**Work request:** From the first line of the data down to the line bearing "项目打破片区内各主体的封闭边", output every line exactly and include no pictures.

----

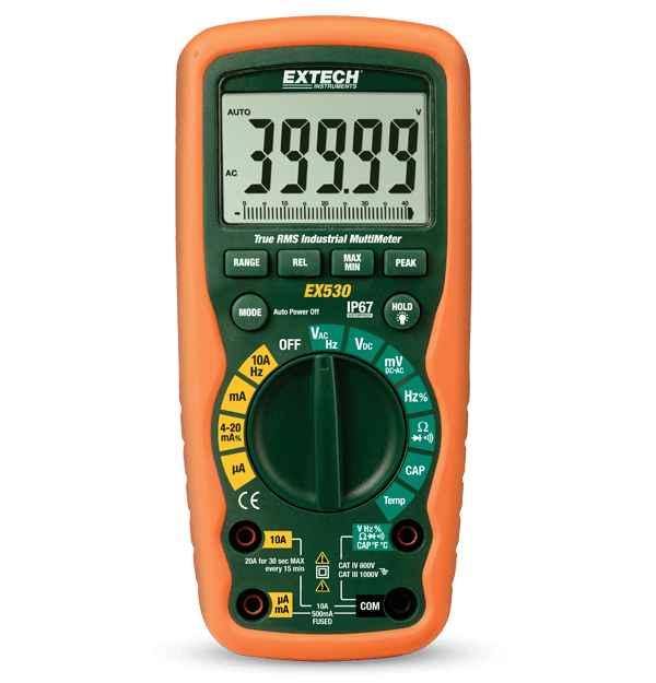 EX530, diseñado de forma robusta y resistente al agua según los estándares IP67, es ideal para su uso en exteriores, embarcaciones y en cualquier entorno industrial hostil. Tiene una carcasa de doble moldeado y es a prueba de caídas de hasta seis pies, con una clasificación de seguridad de CAT IV 600 voltios y CAT III 1000 voltios. Mide voltaje y corriente CA/CC, resistencia, capacitancia, frecuencia electrónica y eléctrica, temperatura, 4 a 20 mA y ciclo de trabajo. Las características adicionales incluyen precisión básica del 0.06 %, señal acústica de continuidad, prueba de diodos (voltaje de circuito abierto de 2.8 voltios), resoluciones de 40,000 conteos, LCD retroiluminada con barógrafo, retención de picos, mín./máx., modo relativo, retención de datos y protección de entrada de 1000 voltios para todas las funciones. Incluye cables de prueba de doble moldeado, sonda de temperatura de alambre de talón tipo K (de -4 a 482 °F/-20 a 250 °C), correa magnética para colgar, estuche y batería de 9 V.
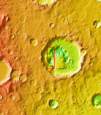 Today's VIS image shows a portion of the depression on the floor of Rabe Crater.
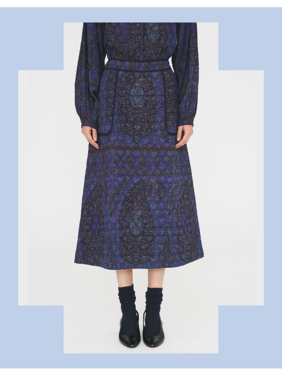 The product: Bohème dream. Ready to tuck in all the blouses, tops and T-shirts in your wardrobe, this skirt is a patterned piece of perfection. Printed with decorative paisley motifs, it's woven with a fil-coupé effect, giving raw texture to the jacquard fabric. Design features include an A-line silhouette and navy piping to define the waist and side pockets.
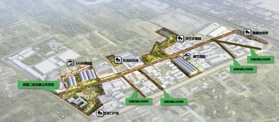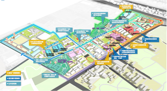 项目打破片区内各主体的封闭边界,对标国际化“无界体育街区”理念,拆除部分厂房、园区围栏,释放超2万平方米公共空间,开放沿街建筑主体边界,打造边界消融、开放共享的街区形态。同时,市区两级政府投资统筹支持道路、市政管网、慢行系统与公园绿地更新改造,构建“一街四路”为骨架、六大主题功能区点缀的公共空间景观结构,推动交通、生态、休闲功能深度融合,为高附加值业态植入提供“即投即用”的优质基础设施。
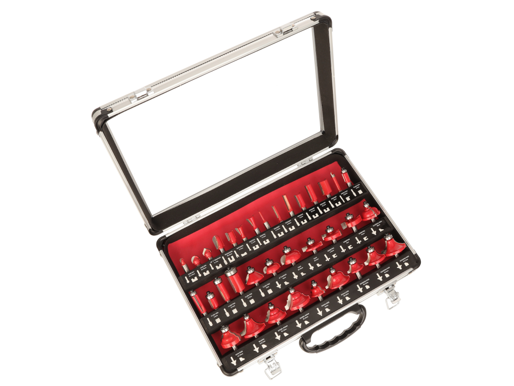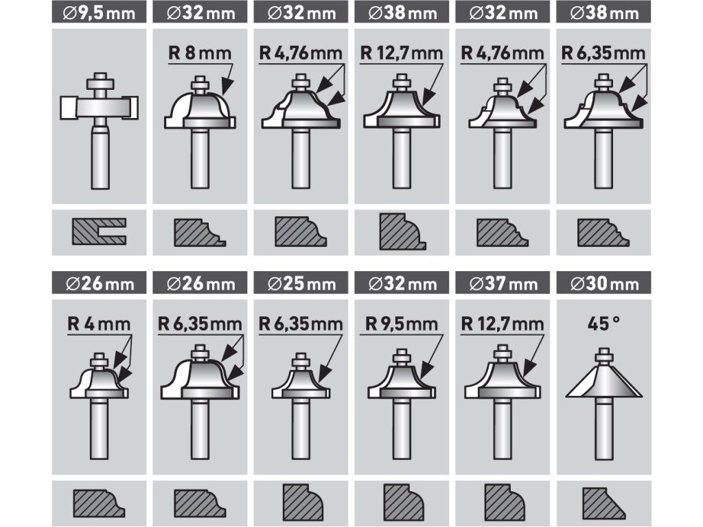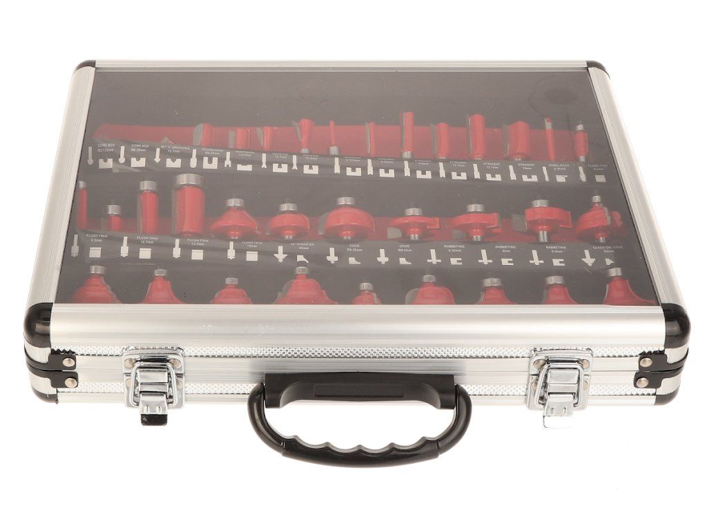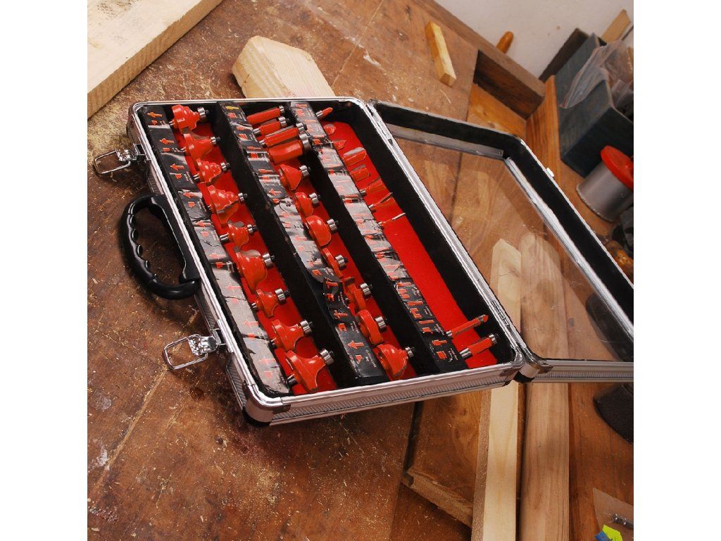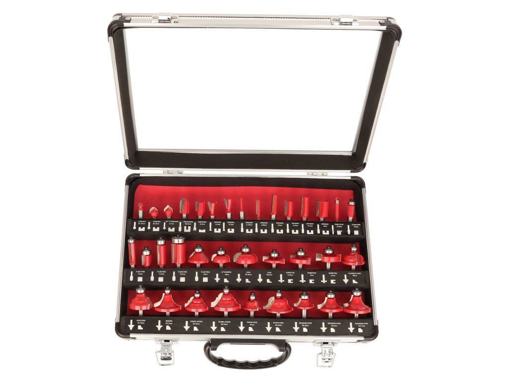 Set mare de freze de profil cu o coadă, cu diametrul de 8 mm. Frezele au o margine de tăiere cu carbură de tungsten şi sunt echipate cu o roată de ghidare cu un rulment de înaltă calitate. Potrivite pentru prelucrarea şi tăierea lemnului moale şi tare, a plăcilor din plastic şi a plăcilor presate. Livrate perfect depozitate într-o cutie metalică.

----

**Written solution:**
 EX530, diseñado de forma robusta y resistente al agua según los estándares IP67, es ideal para su uso en exteriores, embarcaciones y en cualquier entorno industrial hostil. Tiene una carcasa de doble moldeado y es a prueba de caídas de hasta seis pies, con una clasificación de seguridad de CAT IV 600 voltios y CAT III 1000 voltios. Mide voltaje y corriente CA/CC, resistencia, capacitancia, frecuencia electrónica y eléctrica, temperatura, 4 a 20 mA y ciclo de trabajo. Las características adicionales incluyen precisión básica del 0.06 %, señal acústica de continuidad, prueba de diodos (voltaje de circuito abierto de 2.8 voltios), resoluciones de 40,000 conteos, LCD retroiluminada con barógrafo, retención de picos, mín./máx., modo relativo, retención de datos y protección de entrada de 1000 voltios para todas las funciones. Incluye cables de prueba de doble moldeado, sonda de temperatura de alambre de talón tipo K (de -4 a 482 °F/-20 a 250 °C), correa magnética para colgar, estuche y batería de 9 V.
 Today's VIS image shows a portion of the depression on the floor of Rabe Crater.
 The product: Bohème dream. Ready to tuck in all the blouses, tops and T-shirts in your wardrobe, this skirt is a patterned piece of perfection. Printed with decorative paisley motifs, it's woven with a fil-coupé effect, giving raw texture to the jacquard fabric. Design features include an A-line silhouette and navy piping to define the waist and side pockets.
 项目打破片区内各主体的封闭边界,对标国际化“无界体育街区”理念,拆除部分厂房、园区围栏,释放超2万平方米公共空间,开放沿街建筑主体边界,打造边界消融、开放共享的街区形态。同时,市区两级政府投资统筹支持道路、市政管网、慢行系统与公园绿地更新改造,构建“一街四路”为骨架、六大主题功能区点缀的公共空间景观结构,推动交通、生态、休闲功能深度融合,为高附加值业态植入提供“即投即用”的优质基础设施。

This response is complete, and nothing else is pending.